I have heard and read information about shoulder cuts on your tails for dovetails. I can't find much information on what to do. I cut my dovetails by hand and would love to learn more about how to use shoulder cuts that help hide the inside joint. The master woodworker that mentions this a lot is Steve Latta.

Please share any insight and your learnings so I can start to leverage this additional technique.


----------



## Unknowncraftsman (Jun 23, 2013)

Are you have trouble with cut on the tail board that's shows on three sides?
Sometimes I just use my Dt saw to make this cut if I'm not feel 100 accurate I will cut on the waste side of the line and clean it up with a chisel.
The tail board is the one that get a scribe line all the way around all four sides.


----------



## CL810 (Mar 21, 2010)

Watch David Barron's videos on YouTube. Also, make a paring jig.


----------



## MattV (Jan 19, 2009)

Thanks for your reply's. I am pretty good at cutting dovetails by hand (the last ones are normally my best ones), however, Steve Latta recommends cutting a shoulder on the inside of the dovetail pins (i think?) which cleans up the inside of the drawer and I assume covers up an fit issues (sometimes I can see my saw cuts on the inside).

I will check out David Barron's video as well. Thank you!


----------



## Unknowncraftsman (Jun 23, 2013)

Oh yes I think I know what your taking about some woodworker like to have a shallow rebate on their half blind tail board.
Ive done once or twice its a extra step not needed.


----------



## Smitty_Cabinetshop (Mar 26, 2011)

Chris Schwarz does this with a Veritas skew.

http://www.popularwoodworking.com/techniques/joinery/handplanes-and-dovetails


----------



## dbeck (Jun 1, 2017)

Thanks for posting that link Smitty, it really helped me understand better.


----------



## Smitty_Cabinetshop (Mar 26, 2011)

No problem at all.

If you try it, the tool's gotta be incredibly sharp. I tried it with a sharp #78, no go. Also, it's gotta stay 100% level in the cut and not tear cross-grain. There's certainly a learning curve to it; one that I've not opted to climb. Kudos to those that do, though.


----------



## splinter1000 (May 4, 2014)

Rob Cosman sometimes does this also. You can see how here:






Cheers


----------



## MattV (Jan 19, 2009)

Smitty, thanks for sharing Chris' article. I probably have that one, but it's a stack of 10 years of magazines I have in my shop.

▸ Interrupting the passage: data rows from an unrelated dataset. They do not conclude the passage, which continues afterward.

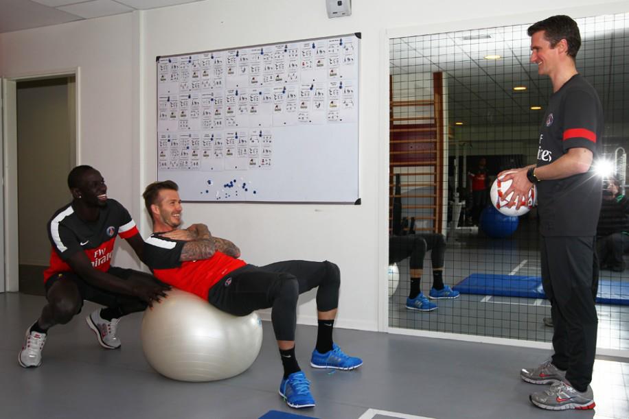 Pour son premier entraînement avec le PSG, David Beckham n’a pas perdu de temps à s’intégrer. Et passer du bon temps aux côtés de ses nouveaux partenaires.
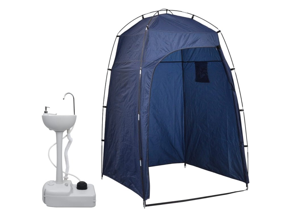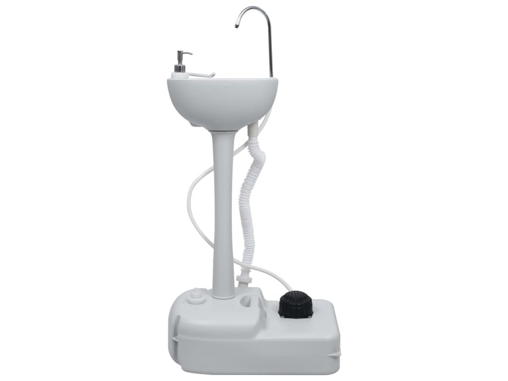 Kempingové umývadlo sa dodáva spolu so stanom, ktorý vám vonku poskytne dostatočné súkromie. Sklolaminátová tyč prináša potrebnú stabilitu a krytá strieška vytvára väčšie súkromie pri umývaní alebo prezliekaní v prírode. Stojan na umývanie rúk je vybavený 3-litrovým dávkovačom mydla, držiakom na uterák a 17-litrovou nádržou na sladkú vodu. Prúd vody spustíte pomocou nožného pedálu bez použitia rúk. Umývadlo je navyše vybavené dvoma zabudovanými kolieskami na jednoduchú prepravu.
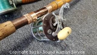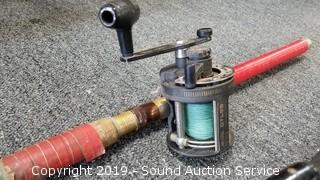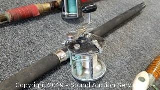 Item Description: Mini-Ferrules 9'ft 2pc Fiberglas Rod with Eagle Claw GTL25 Reel. 8-1/2'ft Master Graphite Rod with Penn 209 Level Wind Reel. Eagle Claw Denco Super III 7-1/2'ft Rod with Penn Peer No.209 Reel. 7-1/2'ft Fiberglas Rod with Ocean City 113 Reel and a 52" long fishing net with 15" diameter opening.

What Chris covers in the article is exactly what I was looking to do. Now I need to go try it out this weekend.


----------



## Smitty_Cabinetshop (Mar 26, 2011)

^ Pictures or it didn't happen.


----------



## pintodeluxe (Sep 12, 2010)

I don't use shoulders on dovetailed drawers, but find them extremely useful in case construction. The top rail of a cabinet is often joined to the case sides with a lapped DT joint. Cutting a shallow shoulder on the underside of the lapped DT helps with aligning the parts, and prevents racking too.


----------



## TheFridge (May 1, 2014)

Yep. Just remember to do it before you cut tails. Otherwise you risk blowing out. Ask me how I know.


----------



## lew (Feb 13, 2008)




----------